I moved up, took the book away and grabbed her hands. She winced with pain and I swore and let her go. She reached out slowly and stiffly and put her hand on my forearm, it rested there light and feathery like a silk stocking across a chair.

“You're hopeless,” she said, “no fruit, no magazines. How'll we fill in the time?”

I gave her a leer and she smiled before shaking her head. “Not for weeks,” she said. “But when I can you'll be the first man I call.”

I was relieved. We'd seemed to be plunging into something very heavy and I wasn't sure I could handle it yet, or ever. Her version of the way we stood, even though it was determined by her injuries, accorded with my feelings and relaxed me. I patted her hand and we sat there quietly for a minute or two feeling something like trust and understanding flow between us. I eased back the loose sleeves of her nightdress and saw that her forearms were bandaged. I told her again that I was sorry I hadn't been there.

“Don't be silly, Cliff,” she said, “how could you have known what was going to happen. The whole thing has got out of control. I don't understand it properly, do you?”

“No, I can't make the connections. It's all hooked up. Brave, Bryn, the files and the threats, but I don't know how they're linked exactly. That makes it hard to take the next step with any confidence.”

“What are you going to do then?”

I looked at her and ran my finger lightly across her high, sharp cheekbone. The skin was stretched thin and tight across it like a rubber membrane over a specimen bottle. “I haven't finished checking all the possibilities I was working on yesterday. Brave is out of circulation of course.” I nodded at the newspapers lying on a bedside chair.

“Yes,” she said, “thank God for that.” She was looking tired already and spoke slowly. “But I want it seen through, you'll stay with it won't you? Bryn's dangerous, he's got to be put away, and the bomb . . . !”

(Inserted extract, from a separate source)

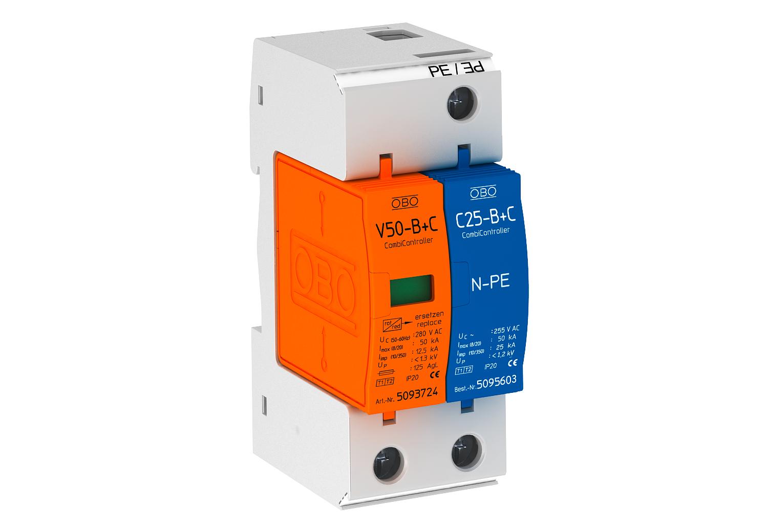 Opis proizvodaKombinovani odvodnik, odvodnik prenapona i struje groma tipa 1+2 prema DIN EN 61643-11.

“I'll stay with it,” I said. “I was hoping you'd want me to.”

“You should have known.”

I nodded and we did some more quiet sitting. After a while her eyelids flickered and she said she was tired. It was partly that and partly the dope they were giving her. I got up from the bed but she motioned me closer, she patted her chest with one hand.

“Touch me here, Cliff.”

I did, she felt warm and firm. She reached up with both hands, grabbed my hands and pressed them hard against her breasts, her face contorted.

“Cliff, the pale one, he was going to . . . to do something there next.”

I felt a rush of atavistic rage. I gently freed my hands, smoothed her hair and kissed her forehead.

“Don't worry love,” I said harshly, “it'll be all right, it'll be over soon.”

I promised to call the hospital twice a day and to visit whenever I could. She smiled and nodded and slid down into a deep sleep that the dope was calling her to.